Little is known about Thomas Nicholls's early life except that he was born in Westminster. By his later twenties, he was well established. For example, the Chichester section of the Hampshire Telegraph and Sussex Chronicle mentions him as having been "much employed in the neighbourhood of late," and praises his "admirably executed" stone-carving at Red Hill Church (3 December 1853). The same newspaper next reports that he completed the restoration of St Olave's Church, Chichester, by carving the gargoyles on the west front (8 September 1855). He was still working in the area a few years later, when he is commended for his work on the entrance gateway, chapels, tower and so forth, of Chichester Cemetery, in the early decorated style (4 July 1858). His reputation must have spread. By 1860 he was working for William Burges on the restoration of Waltham Abbey in Essex. Then the Art-Journal of 1 June 1862 picks up his work under the heading "Decorative Sculpture," describing him as an "artisan-sculptor," and praising him for a series of "small life-size" statues of fairytale and other characters, such as Cinderella and Guy Fawkes, executed for a private Gothic mansion in Sydney: "They are carefully carved in Caen stone; and in design, character, and execution, are far above ordinary works of a similar kind" (128). From now until Burges's death in 1881 (and even afterwards, in the completion of earlier designs such as those for the Animal Wall at Cardiff Castle) most of his work seems to have been for Burges. However, one of his last projects was the beautiful and characterful woodcarving for J. L. Pearson's 2 Temple Place, London.
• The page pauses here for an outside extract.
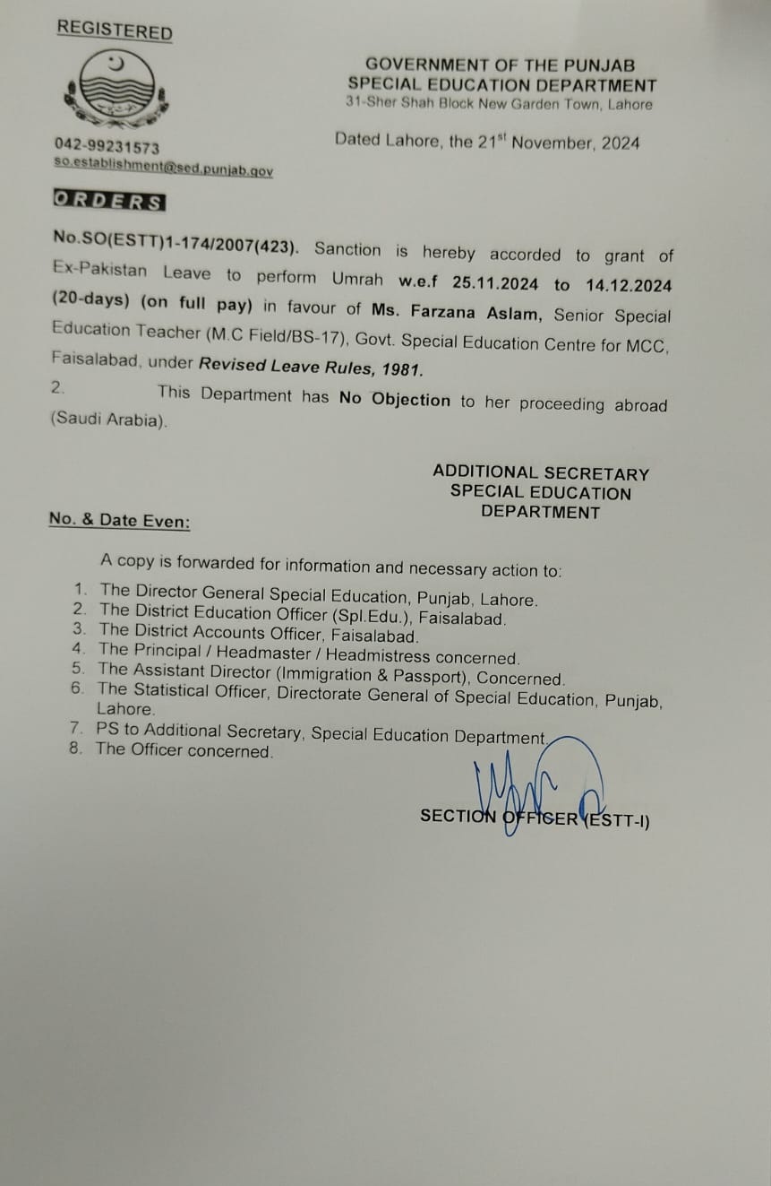 Category Leave Orders Date Thursday, November 21, 2024 - 12:00 Order No S0(ESTT.)1-174/2007 File WhatsApp Image 2024-11-21 at 4.08.24 PM (1).jpeg147.72 KB Employee Name Farzana Aslam Prominent Notifications
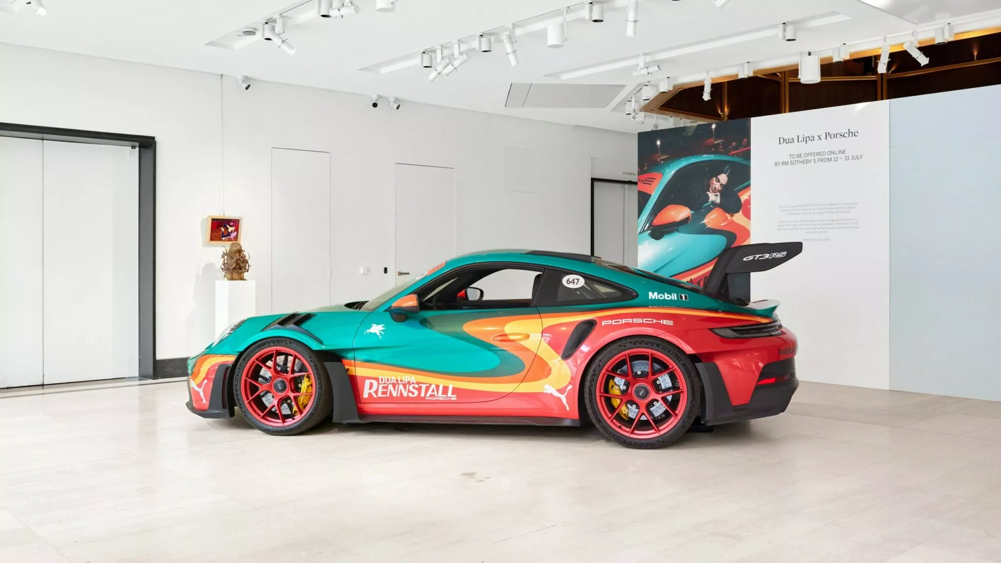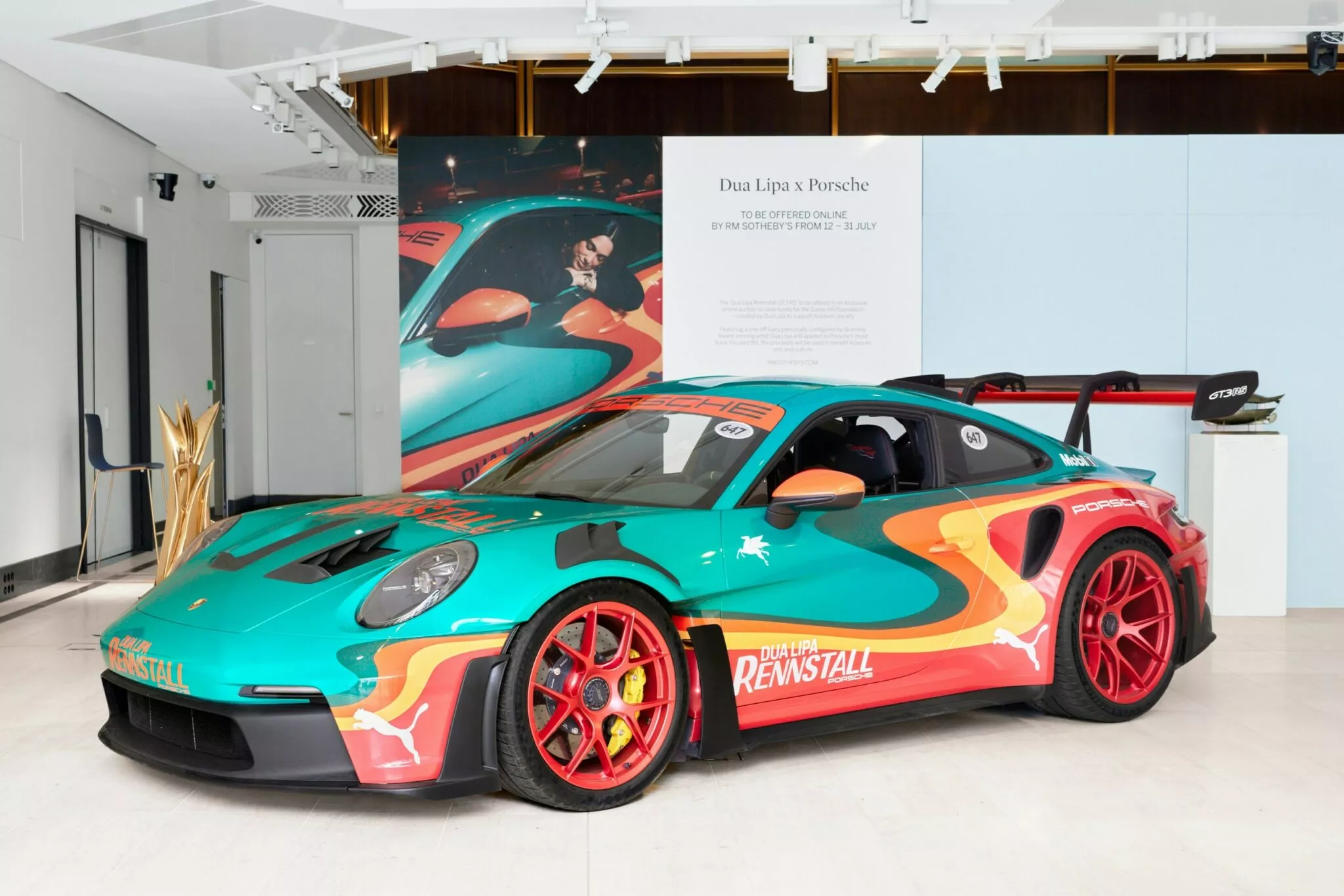 A cantora Dua Lipa colaborou com a Porsche na criação de um Porsche 911 GT3 RS exclusivo, destacando-se pela sua pintura vibrante em tons de turquesa, vermelho, laranja e verde. O design, inspirado nos clássicos carros de corrida da marca, contrasta com a cor original “Arctic Grey” do veículo.

As was Burges's habit with members of his hand-picked team, he and Nicholls worked closely together. In this case, the usual procedure was for the architect to make rough sketches of the stonework, but to give Nicholls a free hand with the individual carvings and their details — although Burges could sometimes be "more minutely instructive" (Read 263), as is known to have been the case with carvings at St Fin Barre's, in Cork, and much later at his own home, Tower House. Sometimes the process could have an extra stage. For example, for St Finn Barre's, Burges's many detailed drawings for the sculptural work were modelled in Nicholls's Lambeth studio, and the full-size plaster models were then sent to Cork where they were carved in stone in the workshop of a local stone-carver called MacLeod (see Read 263).

As for Nicholls's personal life, census records show that he lived in Lambeth, and unlike Burges was a family man. He had at least two sons, one of them another Thomas Nicholls, who followed the same profession as their father (see "Thomas Nicholls"). — Jacqueline Banerjee.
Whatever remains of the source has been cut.